Carey Nieuwhof has identified 9 things churches did in the past that no longer work in the present.

Nieuwhof’s piece should be read here:

9 Things That Worked in the Church A Decade Ago That Don’t Today

Here are his 9 things that no longer work for churches, with briefs quotes from his post and my comments added:

  1. Relying on an automatic return to church

The average unchurched person doesn’t think about going to church anymore than the average Christian thinks about going to synagogue. It just doesn’t cross their mind.

It is essential to be realistic about the degree of disconnect that exists between the church and the “unchurched person.” Church is completely foreign territory for a vast number of people in the surrounding community.

It is not that the average person is resistant to church, or even particularly antagonistic. Church simply does not register on their radar. We are utterly irrelevant. We need to acknowledge that some people are simply never going to take an interest and not feel guilty about our lack of relevance in their lives.

  1. Appealing to people out of guilt or obligation

The number of people who feel guilty about not being in church on Sunday shrinks daily.

Even if “guilt or obligation” did still work, we should renounce such blunt instruments for badgering people into involvement.

It is for “freedom that Christ has set us free.” Churches need to be anti-coercion communities. We trust the work of God’s Spirit in peoples’ lives and have confidence that God will lead them to the degree of involvement, commitment, and giving that is right for them. We do not badge, pressure or manipulate.

  1. Simply being better than other churches

The church is an alternative. And an alternative, clearly and effectively presented, will do far better than simply saying we’re better than something you weren’t interested in in the first place.

To be “an alternative” means there will be something about us that looks different than the prevailing culture. Being “an alternative” will only ever be attractive to a minority. It should be a cause for concern if the church ever becomes the most popular force in culture. “Alternatives,” by definition are never going to be mainstream. The church is always in danger of losing its “alternative” status when it has too much power, too much popularity and too much influence in the world.

  1. Gimmicks

If you play the ‘next Sunday will be better than last Sunday game,’ you eventually end up losing and lying (because it can’t be).

In addition, eventually people ask “So what? So what if next Sunday is a little bit better than last Sunday? What’s this all about anyway?”

It is hard to imagine anything less attractive in a church than gimmicks. Gimmicks are inherently superficial and short-lived. Churches are intended to call people to a life of depth, faithfulness, and steadiness.
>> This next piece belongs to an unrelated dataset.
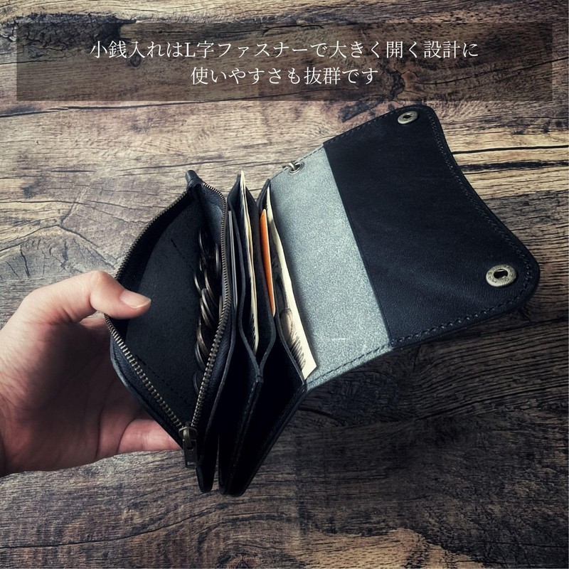 hik0009 Trucker Wallet Tochigi Leather, Made in Japan, Genuine Leather, Long Wallet, Men's, Bi-folded, L-Shaped Zipper, Trucker Wallet, Leather, Bikers Wallet, Black

Gimmicks are anathema in the church.

  1. Inauthentic leadership

People’s fake detectors are set at a higher level than ever….What has to die, of course, is the leader who acts like he or she has it all together: the plastic veneer we put on hoping nobody sees the real us.
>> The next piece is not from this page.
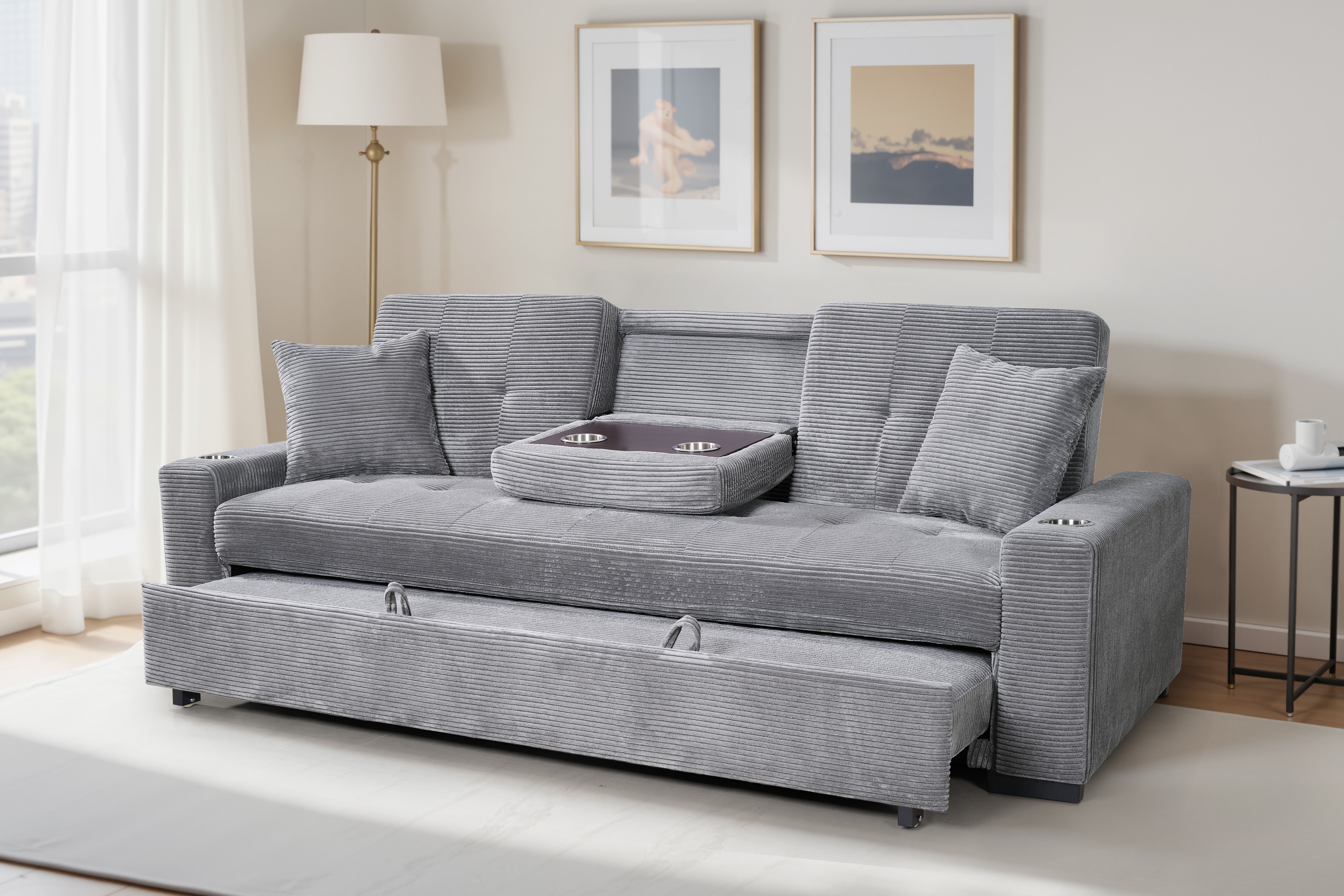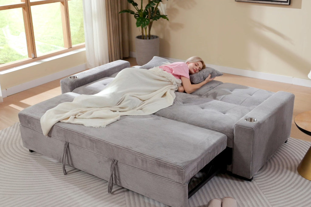 Grey Jumbo Cord 3 Seater Sofabed CHARLES

No church leader can afford to operate ten feet above contradiction. Church leaders need to be open to challenge, question, and even correction. The only way to create an environment where it is possible for the leader to be challenged is for that leader to acknowledge he or she may be wrong, may not have all the answers, and is not always entirely clear about precisely the right way forward. To some people this may at times look like weak leadership. But it is honest and honesty will always reside at the core of genuine leadership in the church.

  1. A self-centred mission

You have to be careful not to make the mission about your church.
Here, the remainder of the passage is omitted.